Вараксин добыл из кармана челюсти, поставил на место и с жаром принялся за еду. Ротман мягко улыбнулся, впервые за вечер приобнял невесту по-домашнему, уже по-хозяйски, что-то шепнул в розовый завиток крохотного ушка; Миледи вспыхнула, заиграла глазами. Любовь такой необъяснимой силою обладает, что из старой вредной карги скоро выкуделивает писаную красавицу, хоть бы и на пять минут.
– Давай, Братилов, напряги извилины. Кто за одну минуту лучше сочинит о невесте. Вроде буриме, да. Есть такая игра. Но тут без условий: ни количество строк, ни жанр не стесняют. Только красота слога.
– Может, хватит?
– Смотри. Я без претензий. Иль струсил, дуэлянт хренов?..
– Братило, давай, не трусь, Братило. Я на тебя ставлю, – завопил Вараксин, торопливо вынув челюсти. Боялся зубы потерять. Стол с непонятным жаром разбился на партии. Всю разладицу принимали смехом, мало понимая потаенного нерва этой игры; она в любую минуту могла вспыхнуть и скинуться в дикую потасовку. Но Миледи слышала внутренние струны этой драмы, и нервы ее сладко трепетали. Боже мой, думала она, я так мечтала прежде командовать парнями, и вот тут схлестнулись из-за меня прямо на свадьбе. Только бы без греха, только бы без крови. Бедный Алеша, как он жалок. И как могла я любить такого отелепыша. Как верно сказано: отелепыш, телепень, раздевулье, дижинь мучная.
Тут Братилов, сжатый соседями, мешковато поднялся с лавки, встряхнул волоснею, как это делают настоящие поэты:
– Миледи, как стакан вина, тебя я осушил до дна…
Миледи вздрогнула от обнаженного смысла слов.
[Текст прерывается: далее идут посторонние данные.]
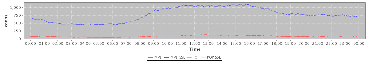 avg(IMAP) = 86.57 avg(IMAP SSL) = 772.91 avg(POP) = 0.07 avg(POP SSL) = 1.03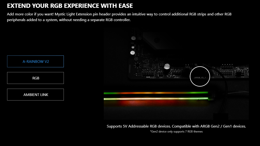 1x Power Connector(CPU_PWR) 1x CPU Fan 2x System Fan 2x Front Panel (JFP) 1x Chassis Intrusion (JCI) 1x Front Audio (JAUD) 1x Com Port (JCOM) 1x Addressable V2 RGB LED connector (JARGB_V2) 1x RGB LED connector(JRGB) 1x TPM pin header(Support TPM 2.0) 4x USB 2.0 ports 2x USB 5Gbps Type A ports

Но вида не подала, лишь всхлопала в ладони. Братилов налил водки в граненый стакан, в котором на дне оставалась клюквенная запивка, и залпом выдул.
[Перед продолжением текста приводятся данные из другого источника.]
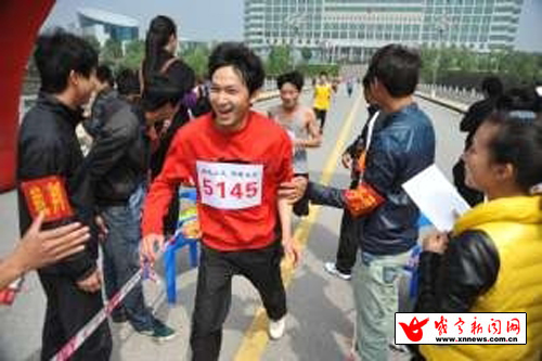 “我赢了,我赢了!”比赛刚刚结束,获得青年男子组冠军的黄从春显得异常兴奋。他拿着自己的号码布,不断呼喊,和同学拥抱庆祝。

Настал черед Ротмана. Он прокашлялся, поправил под кадыком атласную бабочку с бриллиантом:
Миледи, жизнь твоя бледна,
Я вижу это в письменах,
Что отпечатались на блюдце.
В подсказках чая и вина
Как важно прочитать то чувство!
Миледи ближе был чувственный гусарский наскок Братилова, но, как музыкальная женщина и нервная натура, как будущая верная жена, она склонилась к стихам Ротмана. Но и неловко было объявлять свои симпатии, ибо Братилов как бы оказывался в полном проигрыше, донельзя униженным. Гостям же было не до тонкости стихов, им уже прискучило это брюзжанье двух мужиков, что зубатились, как дети, словно бы забыли, как следует вести себя в подобном деле: один дал в зубы, другой ответил под микитки, вцепились мертвой хваткой, оседлали по-медвежьи, кто подюжее, пустили юшку, потом ударили по рукам, выпили по косушке – и снова обиды прочь. И неуж из-за бабы можно себе судьбу ломать? ножиком в брюхо иль хуже того – топоришком по виску? Это лишь в старых романах дворяне чуть что хватались за пистоли, ценя жизнь свою в полушку; ну да от безделья что только не втемяшится, какая только блажь не полонит дурную голову. Но все же в прежних поединках была отвага, задор, такая искра отчаянья, от которой занимается смертный костер.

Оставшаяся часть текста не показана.